Ecological stoichiometry and ionomics provide a research framework to facilitate improved mitigation and forecasting of the effects of changing precipitation patterns (Graham and Hofmockel, 2022). Ionomics may link ecological phenomena to the nutritional needs of organisms and responses to environmental stressors (Kaspari, 2021). Ecological stoichiometry takes into account the balance between the nutrient demand of organisms and the nutrient supply in their habitats, their interactions with abiotic and biotic factors and nutrient cycling of ecosystems (Filipiak and Filipiak, 2022). Nutrient availability, especially N and P, impacts microbial respiration and growth because microorganisms need to maintain a homeostasis composition of C and nutrients (Manzoni et al., 2012). Ecological stoichiometry could mediate the function of brown food webs and microbial nutrient metabolism by reallocating resources to extracellular enzymes (Zhang et al., 2019).
Extracellular enzyme activities (EEA) play a central role in regulating imbalances between resources and growth demands in microbe self-organizational processes (Sinsabaugh and Follstad Shah, 2011; Sinsabaugh et al., 2015). Extracellular enzymes are mediators of decomposition and mineralization of N and P (Schimel and Weintraub, 2003; Moorhead and Sinsabaugh, 2006), and are also indicators of microbial nutrient demand (Moorhead et al., 2016). According to resource allocation theory, when a resource is scarce, microorganisms preferentially invest metabolic resources into extracellular enzyme production to maximize the use of the limited element (Allison and Vitousek, 2005; Johnson et al., 2010; Mooshammer et al., 2014).

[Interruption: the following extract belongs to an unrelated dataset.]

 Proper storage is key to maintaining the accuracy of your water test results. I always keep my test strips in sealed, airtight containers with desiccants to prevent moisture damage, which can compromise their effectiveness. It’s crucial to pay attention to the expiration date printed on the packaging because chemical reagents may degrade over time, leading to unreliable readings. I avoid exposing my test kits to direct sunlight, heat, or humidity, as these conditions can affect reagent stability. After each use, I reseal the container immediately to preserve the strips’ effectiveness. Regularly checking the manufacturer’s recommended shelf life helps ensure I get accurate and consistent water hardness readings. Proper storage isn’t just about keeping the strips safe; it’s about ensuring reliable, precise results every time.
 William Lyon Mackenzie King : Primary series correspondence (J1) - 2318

Due to the context dependence of enzyme activity, EEA has gradually received greater attention and become a popular method for examining the direct effects of precipitation on the functional potential of the soil microbial community in field experiments (Weedon et al., 2011; Henry, 2013).

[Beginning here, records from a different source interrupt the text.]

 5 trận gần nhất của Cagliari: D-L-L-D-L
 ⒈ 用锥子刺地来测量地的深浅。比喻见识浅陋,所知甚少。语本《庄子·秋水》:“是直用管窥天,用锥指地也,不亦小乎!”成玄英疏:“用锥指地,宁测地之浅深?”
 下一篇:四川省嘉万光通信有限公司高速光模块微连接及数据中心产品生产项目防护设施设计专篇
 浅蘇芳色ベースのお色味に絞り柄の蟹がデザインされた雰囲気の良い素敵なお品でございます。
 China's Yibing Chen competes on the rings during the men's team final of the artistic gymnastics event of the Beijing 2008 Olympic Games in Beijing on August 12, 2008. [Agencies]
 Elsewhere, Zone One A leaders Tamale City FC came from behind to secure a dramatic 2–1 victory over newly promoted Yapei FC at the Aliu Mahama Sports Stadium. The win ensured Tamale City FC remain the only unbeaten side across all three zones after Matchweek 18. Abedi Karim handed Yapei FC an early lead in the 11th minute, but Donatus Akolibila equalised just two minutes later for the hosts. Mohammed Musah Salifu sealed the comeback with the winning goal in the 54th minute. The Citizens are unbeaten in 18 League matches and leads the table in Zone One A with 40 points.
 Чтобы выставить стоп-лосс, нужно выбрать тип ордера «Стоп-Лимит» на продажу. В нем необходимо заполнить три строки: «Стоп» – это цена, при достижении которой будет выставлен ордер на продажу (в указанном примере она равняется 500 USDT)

The theory of enzyme stoichiometry further reflects the balance between microbial nutrient demand and soil nutrient resource supplies, highlighting the limiting factors of biogeochemical cycling in terrestrial ecosystems (Sinsabaugh et al., 2009; Zechmeister-Boltenstern et al., 2015; Xu et al., 2017). Sinsabaugh et al. (2008) developed an approach to visualize the relative C, N, and P controls on soil microbial communities by plotting the ratios of activities for enzymes associated with C, N and P acquisition. Moorhead et al. (2016) proposed that vector lengths and angles can be used to improve the quantification and visualization of these controls. A global meta-analysis exhibited that enzymatic C:P and N:P ratios were inversely related to precipitation, while the ratio of C:N acquisition increased with precipitation (Sinsabaugh et al., 2008). In forest ecosystems, the C:N, C:P, and N:P acquisition ratios were negatively related to precipitation from a depth of 0–10 cm soil (Xu et al., 2017). However, Cui et al. (2019a) found a shift from P to N limitation of microorganisms with an increase in precipitation from 300 mm to 900 mm in grassland ecosystems from the 0–20 cm soil layer. Therefore, generalizing the effects of precipitation on soil EEA can be challenging and elusive, and it is necessary to strengthen our research on EEA patterns at regional scales. To the best of our knowledge, there remains a lack of studies on the impact of precipitation gradients on soil enzyme in agroecosystems, especially in deeper soil profiles.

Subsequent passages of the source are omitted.